In the first half of the year, the flight hours of large long-haul aircraft reached 60% of the level before the corona pandemic. For several years, Rolls-Royce focused entirely on engines for large aircraft. The slump in business following the pandemic has hit the company harder than other engine makers.

In the first half of 2022, however, things picked up. Compared to the same period last year, Rolls-Royce has reduced cash outflows from around 1.1 billion to just 77 million pounds sterling (92 million euros).

While sales rose more than eight per cent to £5.6 billion, operating profit fell from £38 million to £223 million. However, impairments on financial instruments and currency effects plunged the group into the red with a net profit of 1.6 billion pounds. A year earlier there had been a profit of £394million. The result was lower than expected by the experts.

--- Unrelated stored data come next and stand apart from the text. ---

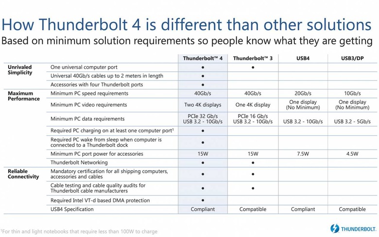 The 15W minimum port power rating is carried over, though of course higher wattages for properly charging laptops rather than just tablets and smartphones are likely. Thunderbolt 4 will also support universal 40 GB/s cables at up to 2 meters (6.5 feet) in length. It'll be fully compliant with the USB4 specification, too, and Intel says it's working on supporting cables up to 50 meters in length.
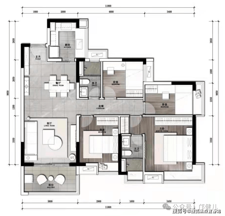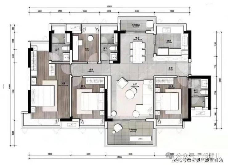 建面约142㎡(4室2厅3卫),总价约220万元起。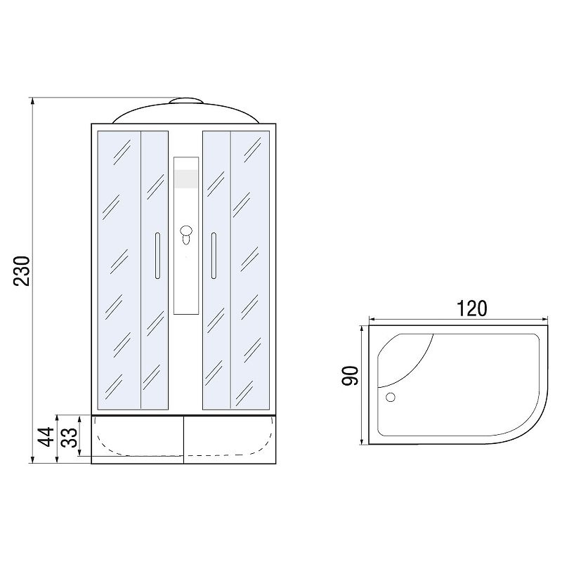 Глубина поддона: 330 мм.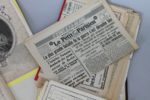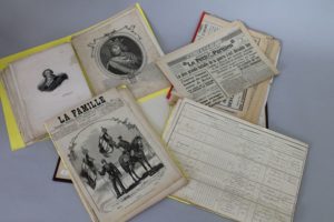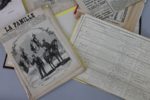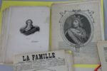 Lot de vieux papiers: Chemise A 31 Gravures anciennes de célébrités Chemise B 23 pages de garde du journal : « LA FAMILLE » de 1880 Chemise C Feuilles de journaux anciens dont : - L'Action républicaine du 23/03/1938 - Du Figaro du 08/08/1945 (réédition ?) - Le populaire d'Eure et Loir du 19/07/1946 - Réédition des premières de - Le Petit Parisien du 22/05/1940 - Le Petit Parisien du 09/06/1940 - Du Progrès du 24/06/1940 - Du Parisien libéré du 22/08/1944 Chemise D 23/04/1875 Reconstitution, des actes de l'état civil de Paris : naissance et mariage de Mr Jean CHAPLIN 1908 3 feuillets de la ville de DREUX concernant les naissances ? nourrices ??? enfants assistés ??? ? Plan des environs de Paris proposé par le BON MARCHE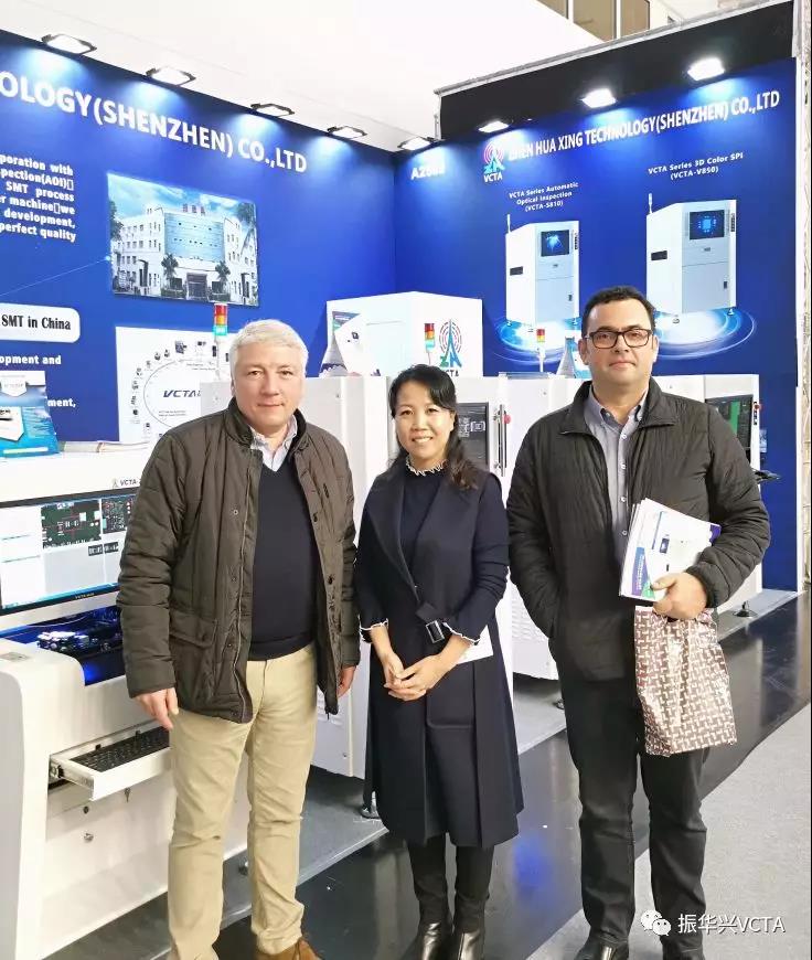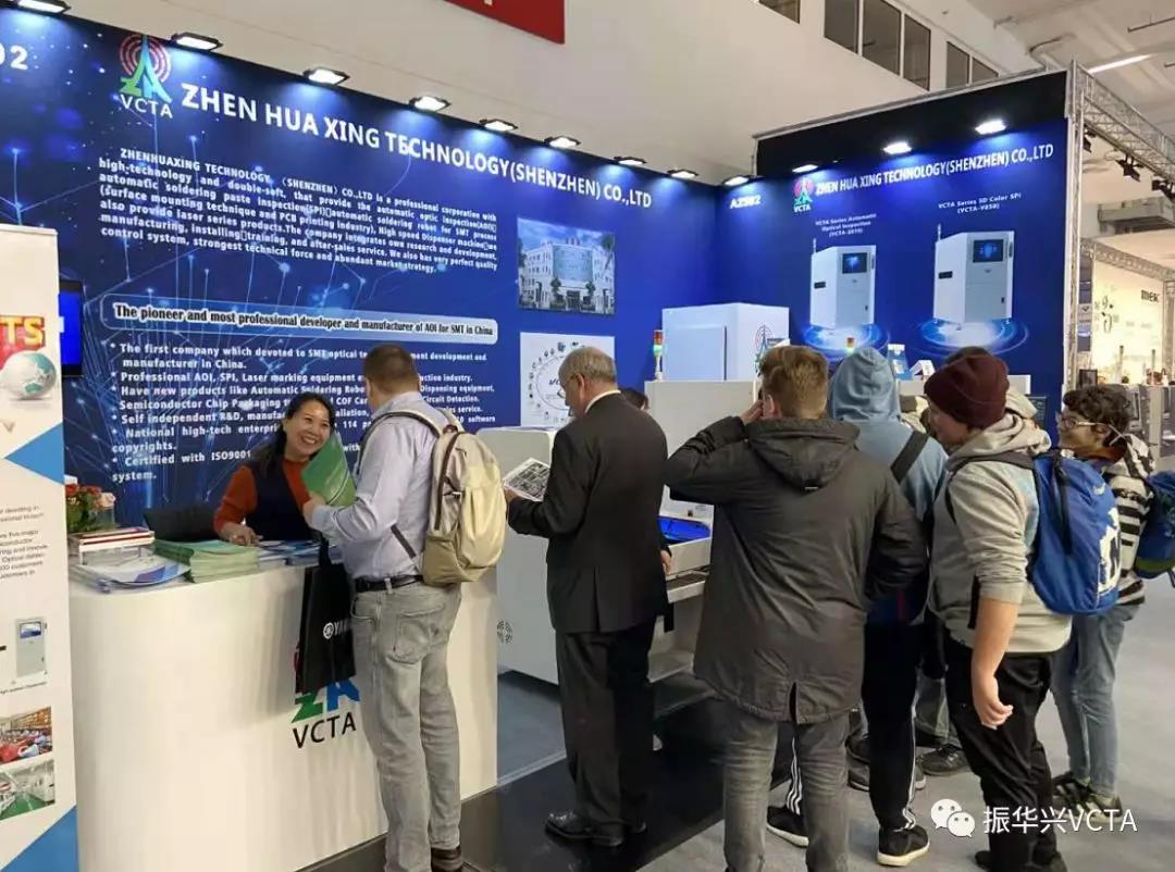 Zhenhuaxing, as the leading and well-known brand in SMT testing field in China, we brought four best-selling machines to Munich exhibition : Online visual optical detection equipment AOI (VCTA-S810) , Offline optical detection equipment VCTA-Z5X, 3D color paste detection equipment SPI (VCTA-V850), Laser engraving machine LC800 , and we are under evaluation and compare with the world's top intelligent equipment brands as OMRON, YAMAHA, CYBER OBITCS, MIRTEC, VISCOM, SAKI, and VCTA machines attracted many potential agents and customers from Russia, Spain, Bulgaria, the UK, Greece, Turkey, the Netherlands, New Zealand, etc. Our colleagues have deep communication with these overseas friends on booth.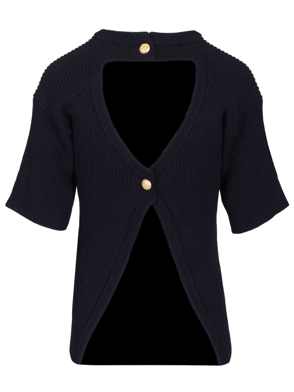 Seafarer cotton "Clichet" sweater, ribbed pullover, high neck, keyhole opening on the back, elbow-length sleeves, two decorative gold buttons on the back.

For the current year, Rolls-Royce still plans to deliver 350 to 400 new aircraft engines. Group sales are expected to grow in the low to mid single digits on a like-for-like basis. In operations, management expects to be in the dark before special effects.

In 2021 as a whole, Rolls-Royce returned to black after years of severe losses. CEO Warren East will step down at the end of the year. Former BP boss Tufan Erginbilgic will be the new boss of Rolls-Royce from January 1, 2023.

Operational activity below expectations

Despite the recovery in the first half and the hope of a recovery in activity, the stock fell. The paper fell as much as seven percent in the morning, making it one of the weakest values ​​in Britain’s FTSE 100 index. Traders attributed this mainly to the fact that operating profit did not did not meet expectations.

With a price drop of more than 60% since the outbreak of the corona pandemic, the newspaper is one of the biggest losers in the crisis. By way of comparison: the shares of competitor MTU only lost around 30% over the period.